> **TASK INSTRUCTIONS**
Without including any pictures, copy every line below exactly.
══ GIVEN MATERIAL
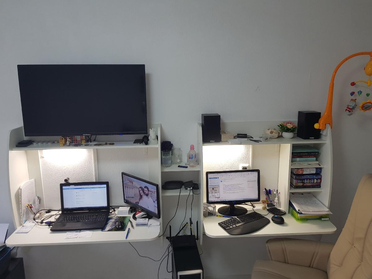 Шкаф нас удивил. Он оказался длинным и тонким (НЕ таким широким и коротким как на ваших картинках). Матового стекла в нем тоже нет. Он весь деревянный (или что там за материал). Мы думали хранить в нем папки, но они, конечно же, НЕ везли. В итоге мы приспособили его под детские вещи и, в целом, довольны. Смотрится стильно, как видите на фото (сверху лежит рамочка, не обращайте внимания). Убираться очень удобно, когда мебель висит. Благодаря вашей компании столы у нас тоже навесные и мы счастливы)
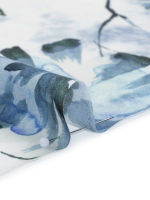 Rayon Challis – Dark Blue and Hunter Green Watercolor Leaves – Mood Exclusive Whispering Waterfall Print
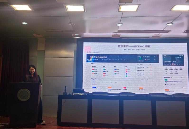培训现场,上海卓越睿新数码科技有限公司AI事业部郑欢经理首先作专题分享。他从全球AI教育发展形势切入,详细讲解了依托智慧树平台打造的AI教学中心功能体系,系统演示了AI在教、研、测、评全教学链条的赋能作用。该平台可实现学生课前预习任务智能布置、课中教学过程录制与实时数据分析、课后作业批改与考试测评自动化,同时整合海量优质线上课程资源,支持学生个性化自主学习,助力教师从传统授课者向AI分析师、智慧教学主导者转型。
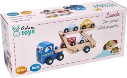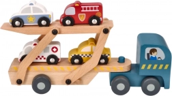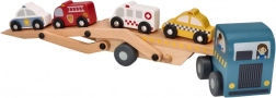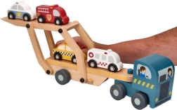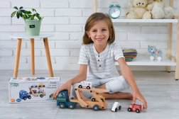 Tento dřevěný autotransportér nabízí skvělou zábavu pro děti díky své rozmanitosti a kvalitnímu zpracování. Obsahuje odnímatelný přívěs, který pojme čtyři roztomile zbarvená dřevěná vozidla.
════
> **ANSWER BELOW**
 Шкаф нас удивил. Он оказался длинным и тонким (НЕ таким широким и коротким как на ваших картинках). Матового стекла в нем тоже нет. Он весь деревянный (или что там за материал). Мы думали хранить в нем папки, но они, конечно же, НЕ везли. В итоге мы приспособили его под детские вещи и, в целом, довольны. Смотрится стильно, как видите на фото (сверху лежит рамочка, не обращайте внимания). Убираться очень удобно, когда мебель висит. Благодаря вашей компании столы у нас тоже навесные и мы счастливы)
 Rayon Challis – Dark Blue and Hunter Green Watercolor Leaves – Mood Exclusive Whispering Waterfall Print
培训现场,上海卓越睿新数码科技有限公司AI事业部郑欢经理首先作专题分享。他从全球AI教育发展形势切入,详细讲解了依托智慧树平台打造的AI教学中心功能体系,系统演示了AI在教、研、测、评全教学链条的赋能作用。该平台可实现学生课前预习任务智能布置、课中教学过程录制与实时数据分析、课后作业批改与考试测评自动化,同时整合海量优质线上课程资源,支持学生个性化自主学习,助力教师从传统授课者向AI分析师、智慧教学主导者转型。
 Tento dřevěný autotransportér nabízí skvělou zábavu pro děti díky své rozmanitosti a kvalitnímu zpracování. Obsahuje odnímatelný přívěs, který pojme čtyři roztomile zbarvená dřevěná vozidla.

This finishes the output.